Jeffrey L. Abbey (born September 1, 1998) is an American professional dirt track and stock car racing driver. He last competed part-time in the NASCAR Gander Outdoors Truck Series, driving the No. 44 Chevrolet Silverado for Niece Motorsports.

Racing career
Abbey initially began his racing career driving go-karts at age 6. He later competed in the International Motor Contest Association's Southern Sport Modifieds, winning the national championship in 2016.

Gander Outdoors Truck Series
Abbey made his NASCAR debut in 2017, driving the No. 45 Chevrolet Silverado for Niece Motorsports at Eldora. He started 16th and finished 14th. Abbey returned to the truck at the second Martinsville race, where he started 26th and finished 22nd.

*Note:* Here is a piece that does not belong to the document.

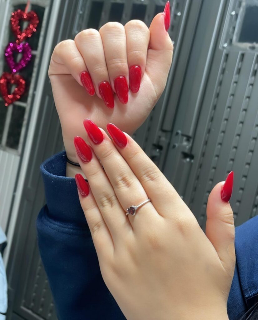 Red almond nails show confidence, passion and strength. Red is a timeless color that never goes out of style. The almond shape keeps the bold color elegant and graceful. This style works well for special occasions and strong personalities. These nails feel powerful and confident. They help you express bold beauty with pride.

Abbey returned to the series at the 2018 Eldora Dirt Derby, driving the No. 34 Chevrolet Silverado for Reaume Brothers Racing. He started 25th and finished 17th.

Personal life
He currently attends Texas A&M University, studying engineering.

Motorsports career results

NASCAR
(key) (Bold – Pole position awarded by qualifying time. Italics – Pole position earned by points standings or practice time. * – Most laps led.)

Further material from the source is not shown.